Iron nanoparticle engineered N-doped graphitic carbon composite as a binary electrocatalyst for overall water splitting and supercapacitor

Abstract

In this study, we report on the tailored synthesis of nitrogen-(N)-doped carbon and iron-(Fe)-loaded N-doped carbon composites and their use for the oxygen evolution reaction (OER), hydrogen evolution reaction (HER), overall electrochemical water splitting, and supercapacitors. FE-SEM and HR-TEM analyses reveal that the developed composite material exhibits a core-shell structure with enhanced porosity upon Fe incorporation.
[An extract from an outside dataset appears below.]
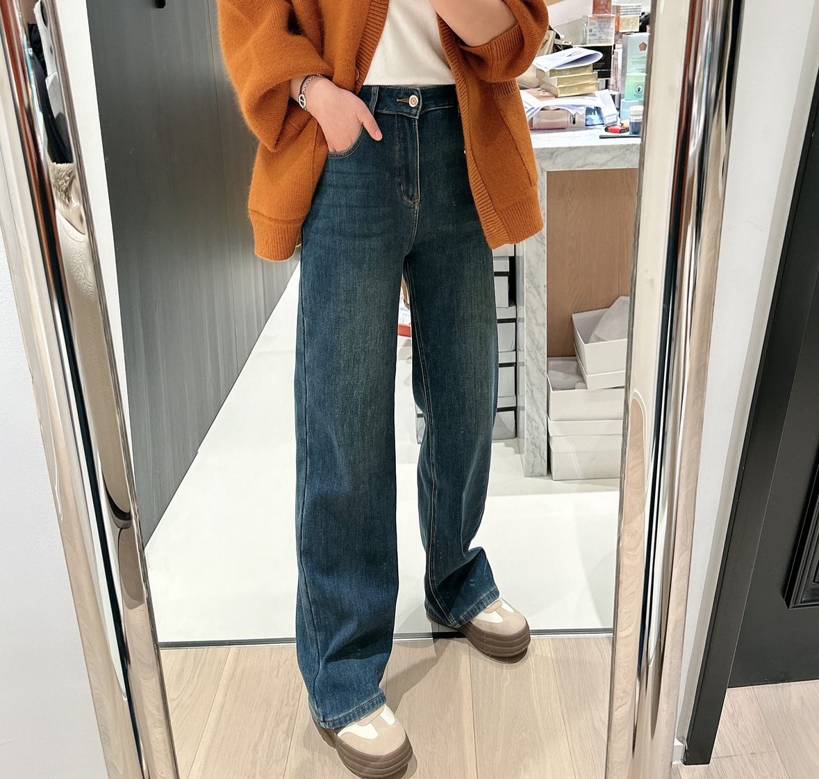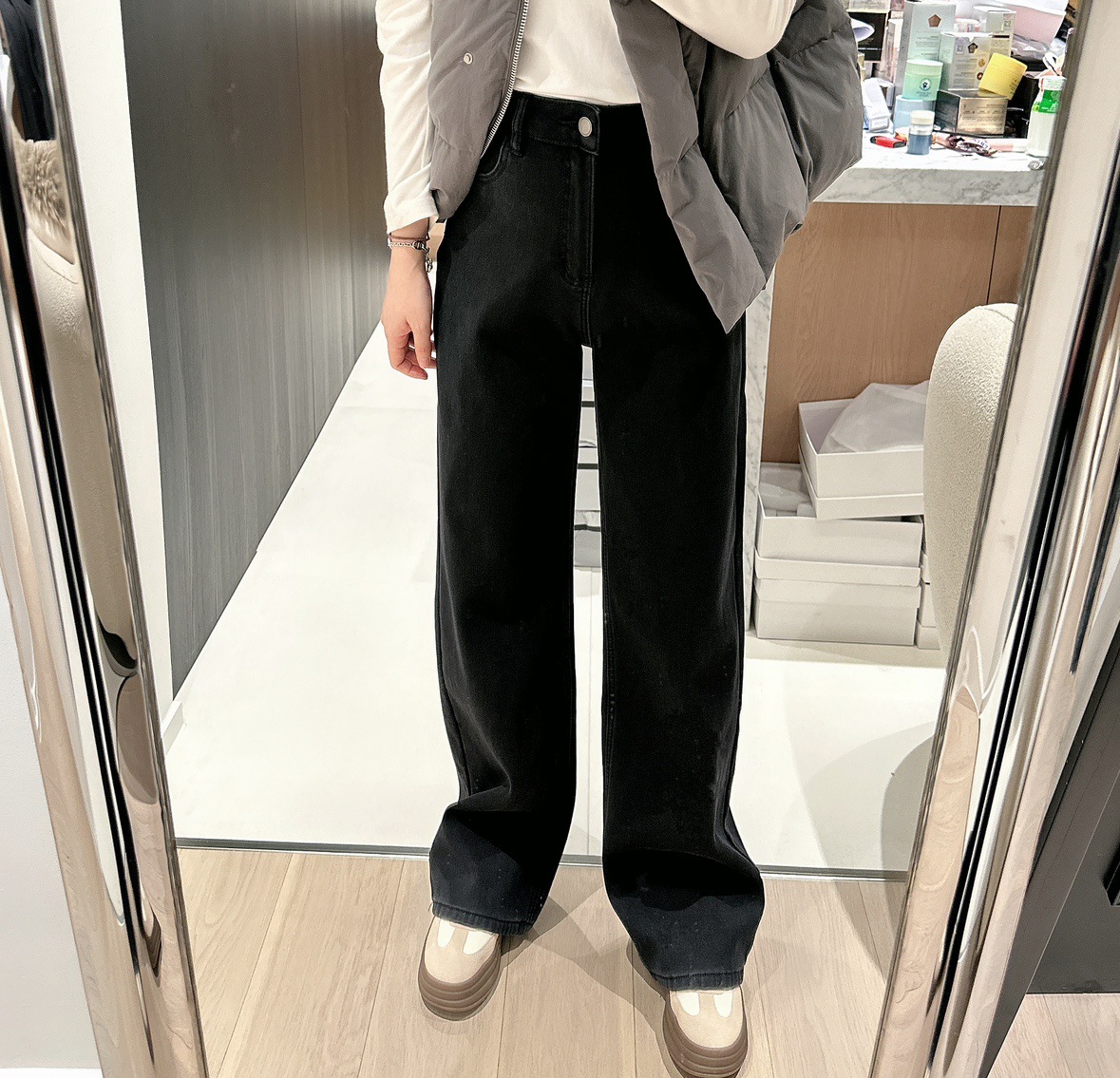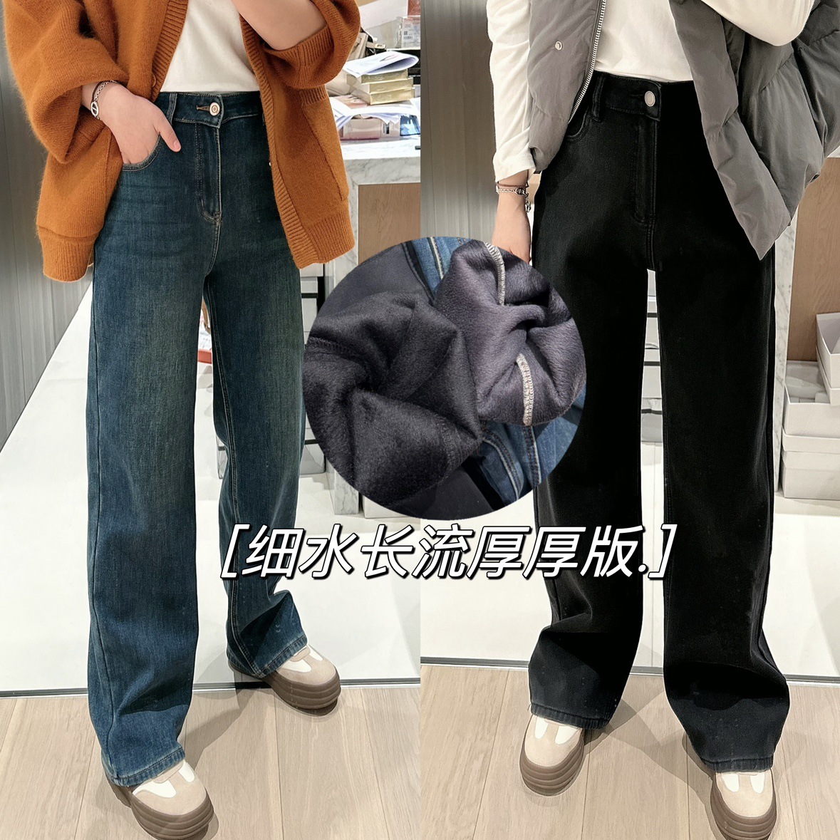 왕 튀긴 바지! 겨울 새로운 슬리밍 좁은 스트레이트 기모 청바지 여성의 느슨한 높은 허리 두꺼운 넓은 다리 바지 여성스토어 가기

By adjusting the ratio of Fe to N-doped carbon in the composites, it was identified that the catalyst 5Fe@NC demonstrates outstanding electrochemical activity alongside commendable stability. Specifically, the 5Fe@NC electrocatalyst achieves current densities of +10 mAcm−2 and -10 mAcm−2 in alkaline electrolyte with minimal overpotentials of 376 mV and 520 mV, respectively. Notably, impressive Tafel slopes of 84 mV/dec and 212 mV/dec for the OER and HER were obtained, indicating superior kinetic activity of the developed composite materials. As a supercapacitor, 5Fe@NC electrode material exhibits a measurable specific capacitance of 294 F/g at 0.5 A/g current density with excellent durability (78 % retention after 1000 charge-discharge cycles). Furthermore, we conducted assessments on stability, charge transfer resistance, and ECSA, yielding excellent outcomes. This work successfully demonstrates a highly effective dual-purpose electrocatalyst prepared from indole and furfural (heterocycles abundant in biomass), exhibiting excellent electrochemical activity and stability in facilitating HER and OER within alkaline electrolytes.